**Work task:** The answer should hold only the lines from the one that contains "成分の99%以上が純水でできたおしりふき サンリオベビー おしりふき" through the last line of the material, repeated exactly, without pictures.

**Information supplied:**
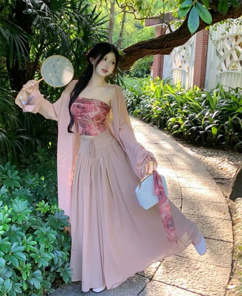 色:ローズチューブトップ,カーディガン,垂れ下がったズボン
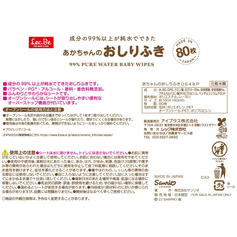 成分の99%以上が純水でできたおしりふき サンリオベビー おしりふき 水99% 80枚 3個入
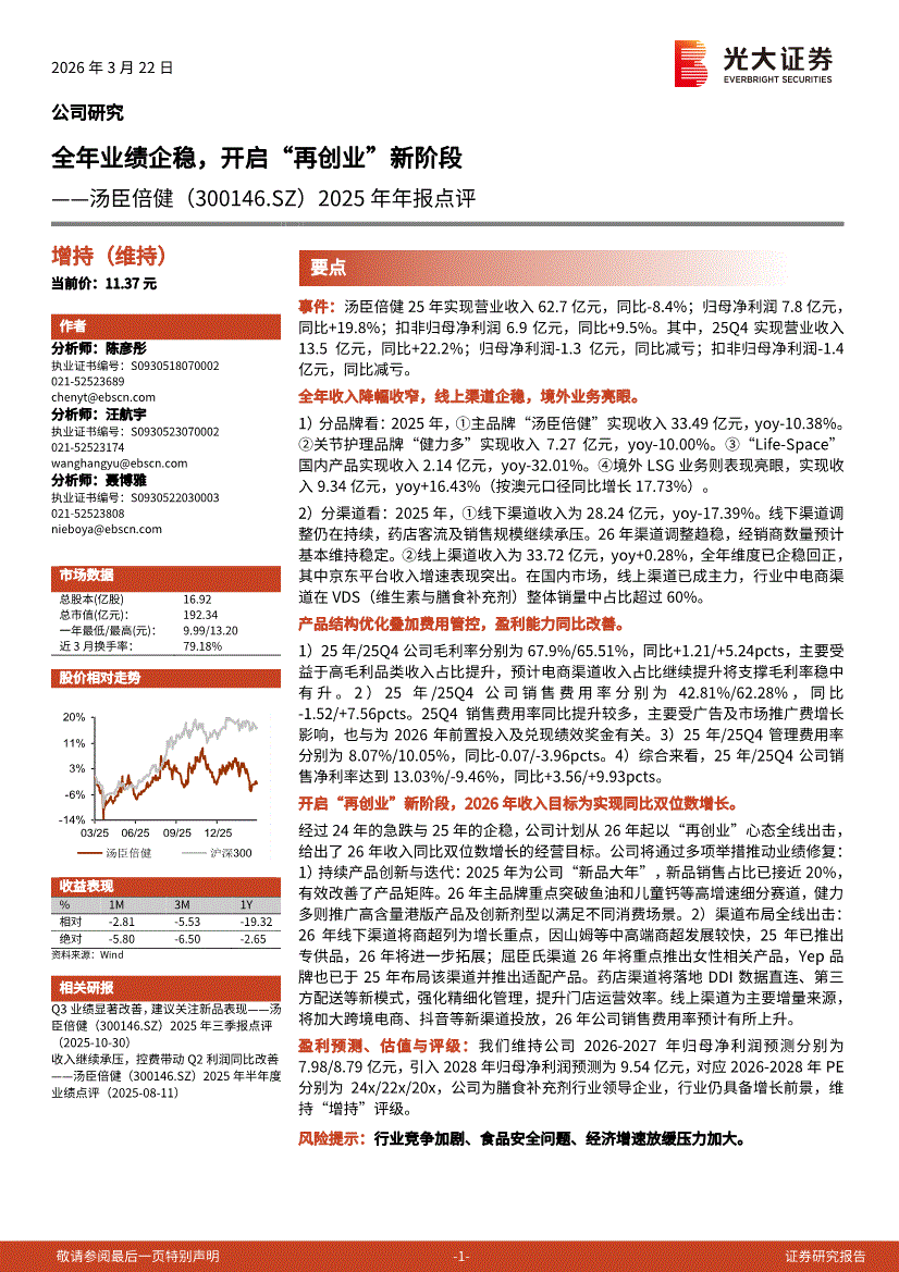 汤臣倍健:光大证券-汤臣倍健-300146-2025年年报点评:全年业绩企稳,开启“再创业”新阶段-260322

**Exercise solution:**
 成分の99%以上が純水でできたおしりふき サンリオベビー おしりふき 水99% 80枚 3個入
 汤臣倍健:光大证券-汤臣倍健-300146-2025年年报点评:全年业绩企稳,开启“再创业”新阶段-260322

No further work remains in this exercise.